Department of General, Gastroenterological and Oncological Surgery, Medical University of Warsaw, ul. Banacha 1A, 02-097 Warsaw, Poland.
Surg Endosc. 2013 Aug;27(8):2841-8. doi: 10.1007/s00464-013-2831-9. Epub 2013 Feb 13.
The role of percutaneous drainage in the management of infected pancreatic necrosis remains controversial, and ultrasound-guided technique is rarely used for this indication. The purpose of this study was to evaluate the safety and efficacy of sonographically guided percutaneous catheter drainage for infected pancreatic necrosis.

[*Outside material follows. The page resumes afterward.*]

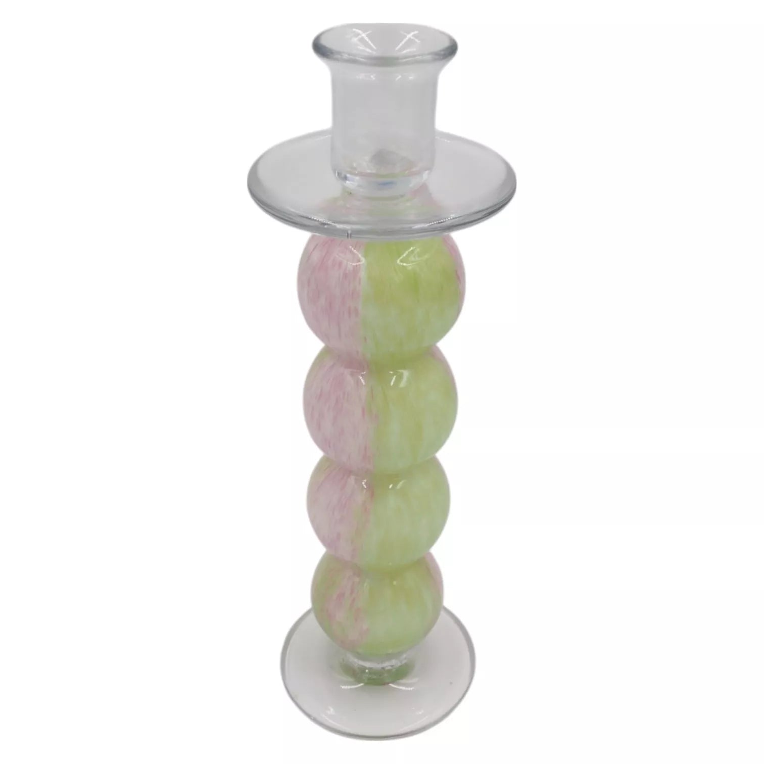 Išskirtinio dizaino stiklinė žvakidė su subtiliu spalvų deriniu – švelniai žalia ir rožinė susilieja į dekoratyvų burbulų formos stulpelį. Aukšta, elegantiška forma puikiai tinka klasikiniam ar moderniam interjerui. Žvakidė ne tik skleidžia šviesą, bet ir tampa stilinga akcentine detale ant stalo, lentynos ar palangės.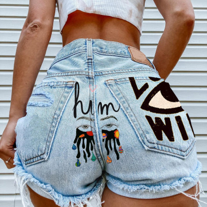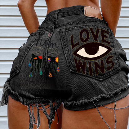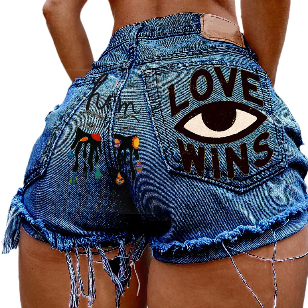Women's Super High Waist Denim Ripped Shorts Love Wins Sexy Hot Pants Shorts

The patient group consisted of 16 men and 2 women. The mean age of the patients was 47 years. The median computed tomography severity index of acute pancreatitis was 10 points. Percutaneous catheter drainage was performed under sonographic guidance using preferably retroperitoneal approach, and transperitoneal access in selected cases. The medical records and imaging scans were reviewed retrospectively for each patient.

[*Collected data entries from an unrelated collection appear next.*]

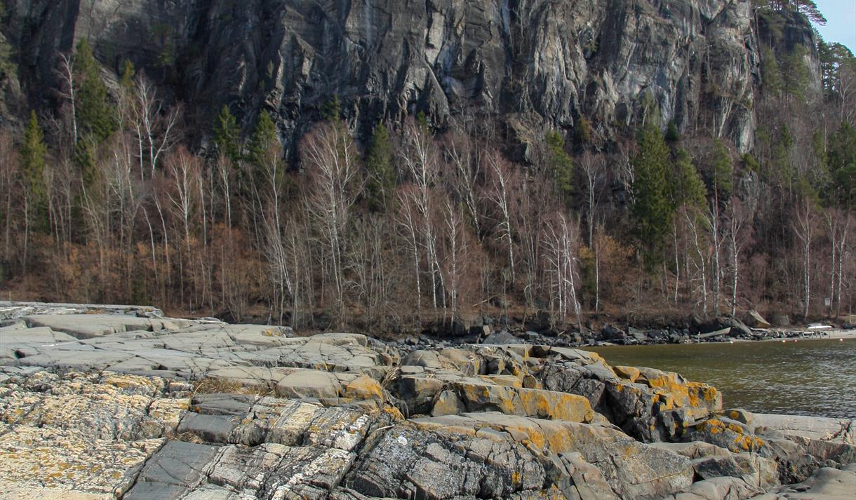 På Rognstranda i Bamble møtes to veldig forskjellige geologiske historier. På vestsiden av bukta kan glattskurte svaberg nytes! Her er det gamle grunnfjellet vakkert skulpturert gjennom de siste millioner år med istider. I selve berget viser mineraler og strukturer hvordan bergartene har vært gjennom store forandringer dypt nede i jordskorpa – det er bare å nyte og undres over de flotte mønstrene!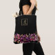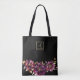 Elegant Purple Golden Floral Black Monogram Tote Bag.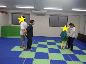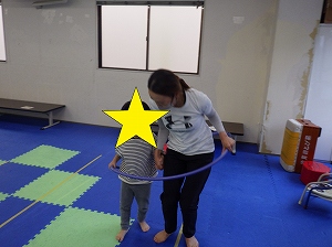 お買い物をしたら、先生と一緒にフープに入って下から上に持ち上げます。
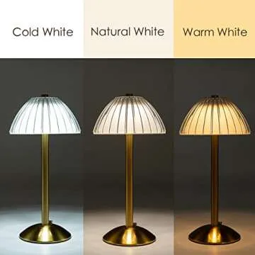 Show moreIlluminate your living spaces with the exquisite HEQET Cordless Table Lamps, designed to blend style with functionality. Standing at a delightful 12 inches tall, these lamps come with a sleek brass gold base and a sturdy white acrylic shade that evokes an elegant 1950s charm. Rechargeable and cordless, they are perfect for any setting, from the cozy corners of your home to outdoor patios. Equipped with three adjustable lighting colors—cold white, natural, and warm white—these lamps allow you to customize the ambiance of any room with ease.

Percutaneous catheter drainage resulted in a complete resolution of infected pancreatic necrosis in 6 of 18 patients (33 %). Twelve of 18 patients who were initially managed with PCD required eventually necrosectomy (67 %). The most common reason for crossover to surgical intervention was persistent sepsis (n = 7). Open necrosectomy was performed in 4 of these patients, and 3 patients underwent successful minimally invasive retroperitoneal necrosectomy. Five patients required conversion to open surgery because of procedure-related complications. In 3 cases, there was leakage of the necrotic material into the peritoneal cavity. Two other patients experienced hemorrhagic complications. Overall mortality rate was 17 %. The size of the largest necrotic collection in patients who were successfully treated with percutaneous drainage decreased by a median of 76 % shortly after the procedure, whereas it decreased only by a median of 16 % in cases of failure of percutaneous drainage.

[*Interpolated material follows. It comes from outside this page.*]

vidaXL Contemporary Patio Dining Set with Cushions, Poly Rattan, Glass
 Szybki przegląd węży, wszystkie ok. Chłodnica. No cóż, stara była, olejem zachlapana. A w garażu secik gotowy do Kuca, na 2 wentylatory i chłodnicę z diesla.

Ultrasound-guided percutaneous catheter drainage used in infected pancreatic necrosis is a technique with acceptably low morbidity and mortality that may be the definitive treatment or a bridge management to necrosectomy. A negligible decrease in size of the necrotic collection predicts failure of percutaneous drainage.
经皮引流在感染性胰腺坏死治疗中的作用仍存在争议,且超声引导技术很少用于该适应证。本研究旨在评估超声引导下经皮导管引流治疗感染性胰腺坏死的安全性和有效性。
患者组包括 16 名男性和 2 名女性。患者的平均年龄为 47 岁。急性胰腺炎的中位 CT 严重指数为 10 分。经皮导管引流在超声引导下进行,首选腹膜后入路,在选择的病例中采用腹膜下入路。回顾性分析每位患者的病历和影像学扫描。
18 例患者中,6 例(33%)经皮导管引流使感染性胰腺坏死完全消退。12 例最初接受 PCD 治疗的患者最终需要行坏死组织清除术(67%)。交叉到手术干预的最常见原因是持续性败血症(n=7)。其中 4 例行开放性坏死组织清除术,3 例行成功的微创腹膜后坏死组织清除术。5 例患者因与操作相关的并发症而转为开放性手术。在 3 例中,坏死物质漏入腹腔。另外 2 例患者发生出血并发症。总的死亡率为 17%。在成功接受经皮引流治疗的患者中,最大坏死性积聚的大小在治疗后短期内中位数下降了 76%,而在经皮引流治疗失败的病例中仅中位数下降了 16%。
超声引导下经皮导管引流用于感染性胰腺坏死是一种具有可接受的低发病率和死亡率的技术,可能是确定性治疗或坏死组织清除术的桥接治疗。坏死性积聚大小的微小减少预示着经皮引流治疗的失败。